Immune checkpoint blockade therapy in BC has shown promise. MEDI4736, an anti-PD-L1 checkpoint inhibitor made by MedImmune/AstraZeneca, is being tested in three trials: a phase I trial of MEDI4736 for patients with solid tumors, including breast cancer (NCT01693562); a phase I trial of MEDI0680 (AMP-514), an anti-PD-1 antibody, and MEDI4736 in patients with advanced cancers (NCT02118337); and a phase I/II trial of MEDI6469, an anti-OX40 agonist antibody, alone or with tremelimumab, an anti-CTLA-4 antibody, and/or MEDI4736 (NCT02205333).
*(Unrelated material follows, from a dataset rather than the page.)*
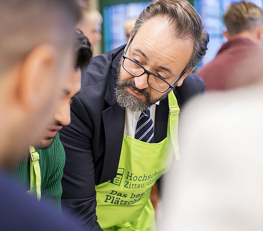 Mit seinen Begrüßungsworten betonte der Rektor der HSZG, Prof. Dr.-Ing. Alexander Kratzsch, dass der Freistaat Sachsen Internationale Fachkräfte brauche und leitete damit zu der zwanglosen Veranstaltung über.

Immunotherapy has been long lauded as a potentially powerful breast cancer treatment, one that can be more effective than the conventional therapies of surgery, radiation or chemotherapy. Perhaps even more promising in BC immunotherapy, is the development of adoptive cell and vaccine-based therapies. Initial approaches to adoptive cellular immunotherapy involved purifying TILs from metastatic foci, expanding them ex vivo in the presence of high-dose IL-2, and then infusing them back to the patient. Effectiveness of these therapies will depend on their ability to target potent tumor-specific or tumor-associated antigens, overcome the mechanisms of immune tolerance, and nullify immunosuppressive pathways (e.g. PD-1/L1, CTLA-4, etc.) [103]. A meta-analysis of data from 633 BC patients sought to evaluate the therapeutic efficacy of adoptively transferred autologous DCs, cytokine-induced killer (CIK) cells, or DC-CIK in combination. Results found only mild adverse events across studies and that combination treatment significantly improved 1-year survival, which correlated with increased production of IL-2, IL-6, IFN-γ, and TNF-α in the peripheral blood [104]. Although this approach is more complex and expensive, adoptive cellular immunotherapy shows great potential in the clinical setting (Fig. 2 & Table 4).